Чтобы каким-то образом противостоять притягательной силе крупных городов, уже в течение 1930-х гг. в наиболее значимых из них постепенно был введен запрет на размещение новых фабрик и расширение существующих предприятий. Из-за разрешения свободно выбирать рабочие места после войны потребовалось введение в действие новых механизмов. В интересах более рационального распределения рабочей силы в своем докладе на XX съезде партии в 1956 г. Н. С. Хрущев в очередной раз высказался за ограничение роста производительных сил в больших городах. Вследствие этого Госплан запретил городам с населением более чем 200 тыс. человек расширять свои индустриальные комплексы49.
Жизнь в большом городе стала восприниматься как привилегия, появился субпролетариат - так называемые лимитчики, имевшие договор на временное трудоустройство на предприятии. В этом контексте заслуживает особого внимания модель "жилищной сегрегации", проанализированная Виктором Заславским. По уровню доходов, ассортименту товаров, обеспечению учреждениями образования, здравоохранения и возможностями для проведения досуга наблюдалось отчетливое падение показателей от столицы и больших городов к средним и малым, а от них - к деревне. Сегрегация же в пределах одного места жительства явилась непосредственным результатом нехватки жилья и борьбы за его распределение. При этом качество и место расположения жилых домов становятся определяющими факторами. Жилой фонд включал как частные деревянные, так и государственные многоэтажные постройки. Кроме того, жилищные отношения, которые охватывали различные сферы, начиная от сдачи жилья в наем до получения места в общежитии, с одной стороны, точно определяли пространство для осуществления общественного контроля в коммуналке, а с другой - обеспечивали уход в личную сферу в частной квартире50.

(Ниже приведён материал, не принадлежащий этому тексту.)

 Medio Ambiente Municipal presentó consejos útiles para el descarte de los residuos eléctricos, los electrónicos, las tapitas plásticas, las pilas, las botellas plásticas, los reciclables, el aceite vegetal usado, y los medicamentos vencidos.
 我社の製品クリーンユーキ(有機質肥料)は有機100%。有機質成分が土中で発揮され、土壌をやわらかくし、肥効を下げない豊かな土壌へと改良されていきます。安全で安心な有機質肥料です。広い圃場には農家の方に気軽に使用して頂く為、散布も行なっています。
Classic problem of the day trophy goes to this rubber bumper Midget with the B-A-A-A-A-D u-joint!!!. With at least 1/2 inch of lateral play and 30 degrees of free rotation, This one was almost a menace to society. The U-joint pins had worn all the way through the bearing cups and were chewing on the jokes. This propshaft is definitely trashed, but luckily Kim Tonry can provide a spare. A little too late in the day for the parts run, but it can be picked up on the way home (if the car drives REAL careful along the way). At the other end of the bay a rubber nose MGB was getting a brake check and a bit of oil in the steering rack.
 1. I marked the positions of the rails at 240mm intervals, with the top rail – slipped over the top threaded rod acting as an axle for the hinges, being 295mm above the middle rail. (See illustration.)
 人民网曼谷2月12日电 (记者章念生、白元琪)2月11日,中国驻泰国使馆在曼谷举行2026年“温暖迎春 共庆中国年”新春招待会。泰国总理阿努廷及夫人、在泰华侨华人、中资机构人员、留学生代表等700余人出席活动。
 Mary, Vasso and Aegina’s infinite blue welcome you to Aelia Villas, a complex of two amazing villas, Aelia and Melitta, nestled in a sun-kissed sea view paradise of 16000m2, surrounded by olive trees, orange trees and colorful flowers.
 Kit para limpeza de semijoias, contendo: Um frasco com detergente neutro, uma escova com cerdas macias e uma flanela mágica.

Без сомнения, большевики имели намерение противопоставить "социалистический город" "капиталистическому". Парадокс, однако, заключался в том, что они перевернули лозунг Маркса и Энгельса. Вместо того, чтобы заботиться об ограничении роста городов и о механизации деревни, они создали посредством коллективизации и введения паспортной системы небывалый антагонизм между городом и деревней. Массовое бегство из деревень как в 1930-е гг., так и в 1950 - 1960-е гг. просто не могло быть предотвращено. На этом фоне со смертью Сталина в проектировании городов произошел концептуальный переход от компактного города к городу функциональному, от цельного художественного произведения искусства к "элементу завода". Одновременно в градостроительстве проявилось смещение от центра к микрорайону, от демонстрации власти к решению жилищной проблемы. На этом основании при Хрущеве начался переход от совместного проживания в коммуналке к изолированному проживанию в небольшой квартире. Параллельно с этим, в результате комбинации двух рассмотренных выше механизмов - института прописки и запрета на дальнейшее расширение промышленного производства в крупных центрах - появилась на свет неофициальная "система закрытых городов".

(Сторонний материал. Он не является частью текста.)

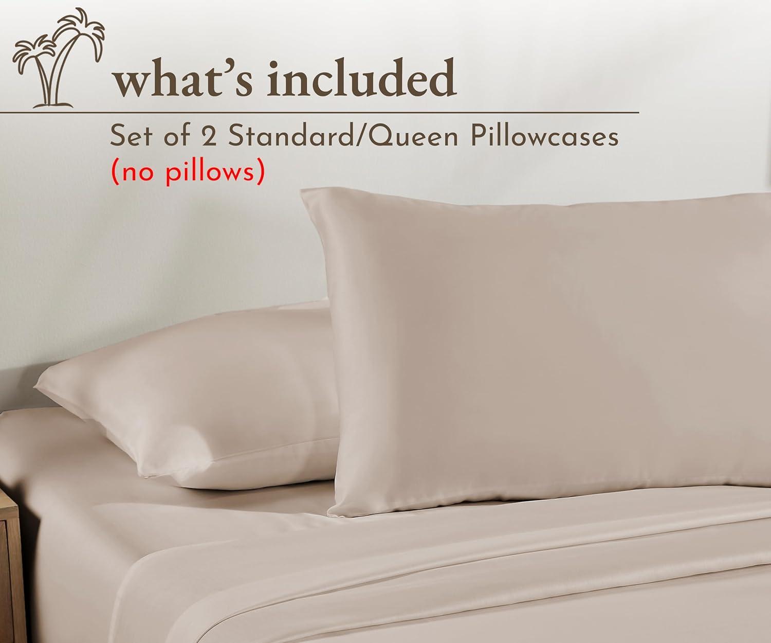 California Design Den Standard Queen Size Pillowcases - 100% Cotton, Set of 2 Soft & Cooling Sateen Weave Cases, Fits Queen and Standard Size Pillows - Bright White(19 - Beige (Warm Taupe))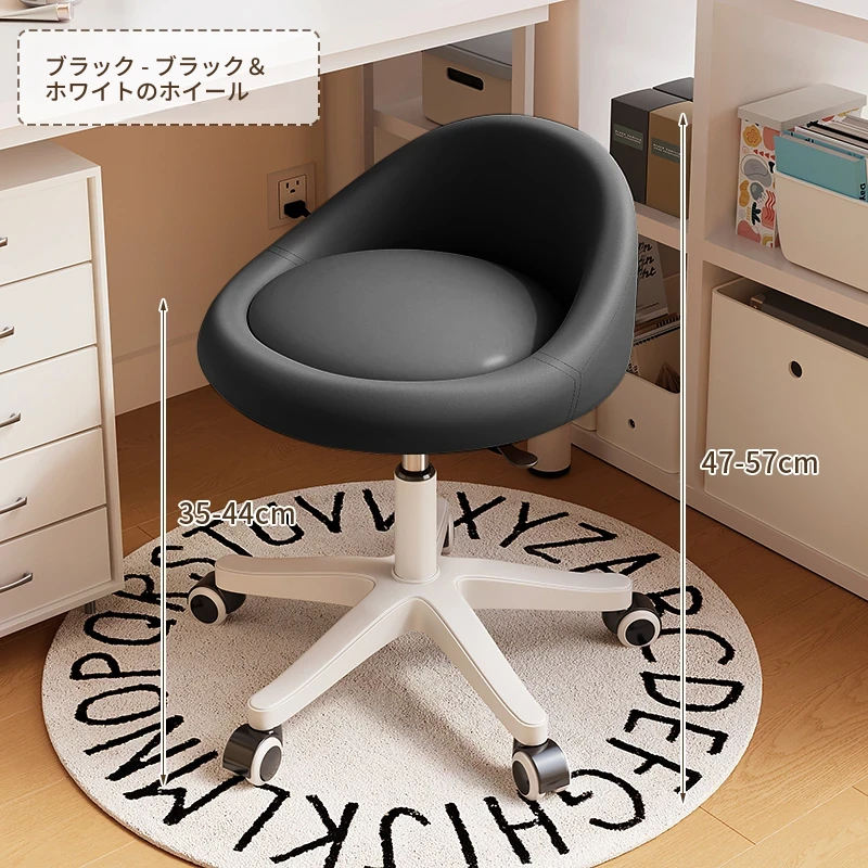 【座面メンテナンス不要】黒-360°回転-広い座面-耐荷重全白ホイール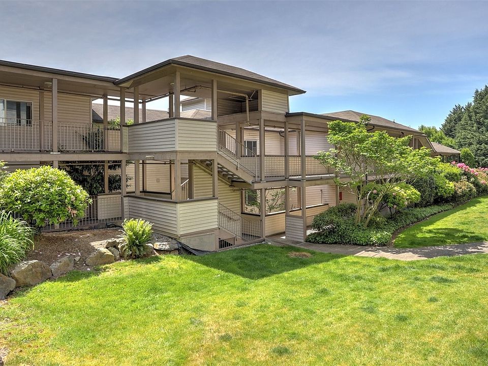Welcome to The Peaks! This darling condo situated on the 2nd floor adorns an extended balcony overlooking tree lined views. Enjoy peace of mind w/2 covered & secured parking spots & lobby entry. Enter the unit to beautiful laminate floors & plenty of storage! Living rm is open to kitchen w/bfast bar seating & direct access to the balcony. Kitchen offers plenty of cabinet & counter space, rm for dining table & window for natural light. Enjoy 2 bedrooms, one currently set up as an office w/full guest bath across the hall. Primary suite is spacious & features 3 closets, 3/4 bath en suite & direct access to the balcony as well. Conveniently located near freeways w/easy access to Seattle, Bellevue, SeaTac airport and local shopping & dining.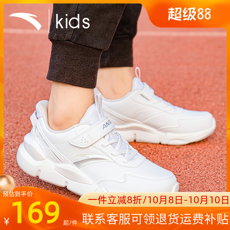 安踏儿童运动鞋秋季新款魔术贴男童小白鞋轻便大童跑步鞋皮面防水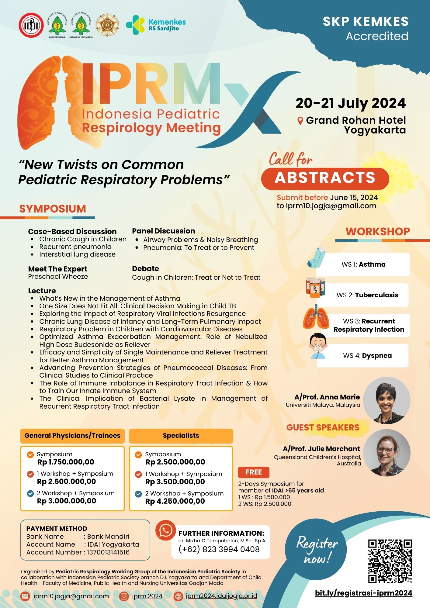 UKK Respirologi IDAI berkolaborasi dengan IDAI cabang DI Yogyakarta dan Departemen Ilmu Kesehatan Anak FK-KMK UGM akan melaksanakan Indonesia Pediatric Respirology Meeting ke-10 (IPRM) pada tanggal 20-21 Juli 2024 di Grand Rohan Hotel Yogyakarta. Rangkaian acara berupa Simposium dan Workshop yang diperuntukan bagi dokter spesialis anak dan dokter umum. Dengan tema yang diangkat, IPRM akan membahas tentang pneumonia, asma, tuberkulosis, dan penyakit respiratori anak lain yang kerapkali ditemukan oleh para dokter. Model simposium akan lebih interaktif (case based lecture, meet the expert, debate, panel discussion) dan didasarkan pada masalah-masalah yang sering dijumpai pada praktik sehari-hari, yang akan disampaikan oleh ahli respirologi anak. Acara ini juga mendatangkan langsung profesor respirologi anak dari Malaysia dan Australia. Topik workshop meliputi asma, tuberkulosis, recurrent respiratory infection, dan dispnea yang juga akan dipandu oleh para ahli dari UKK respirologi. IPRM juga membuka kesempatan untuk presentasi oral ataupun poster, melalui Abstract Submission sampai 15 Juni 2024. Kegiatan ini terakreditasi SKP Kemkes dengan penyelenggara LMS Plataran Sehat oleh Diklat RSUP Dr. Sardjito.

Таким образом, преодоление "культа личности" привело, с одной стороны, к большей открытости общества, а с другой - к изоляции городов. Вместе с тем проект "социалистического города" потерпел неудачу. Это произошло потому, что государственное и партийное управление оказалось неспособным контролировать миграционное давление населения на городские центры. Поэтому вплоть до распада Советского Союза жилищный вопрос так и оставался нерешенным. Отход из деревни привел, согласно советскому выражению, к "вымыванию" деревень и к официально непризнанной рурализации городов. Цивилизационный регресс деревни фактически не мог быть преодолен. Поэтому об урбанизации всего общества не могло быть и речи. Более того, вплоть до послевоенного периода, города носили двойственный характер, присущий городам периода Российской империи. Посредством строительства "вертикальных деревень", т. е. районов с панельными многоэтажками, в которых обрели приют бывшие крестьяне, идея "социалистического города" была доведена до абсурда. В процессе отказа от утопических проектов раннего сталинского периода и в рамках провозглашенного Программой КПСС 1961 г. "перехода к коммунизму" при Л. И. Брежневе понятию "социалистический город" была отведена лишь второстепенная роль51.
* * *
Урбанизация, имевшая место в Германии до Первой мировой войны, произошла в иных условиях в 1930-е гг. в Советском Союзе и в 1950 - 1960-е гг. в Восточной Европе. К базовым вопросам сравнительной исторической урбанистики, помимо определения существовавших здесь типов городов, относятся исследования транснациональных аспектов градостроительных идеалов и различных механизмов регулирования городского роста, изучение положения мигрантов в рамках городского общества и значения социального неравенства в жилищном обеспечении, взаимоотношений между общественной и частной сферами, а также рудиментов гражданского общества и альтернативных форм обобществления, которые можно описать при помощи понятий "диссидентство" и "сопротивление"52.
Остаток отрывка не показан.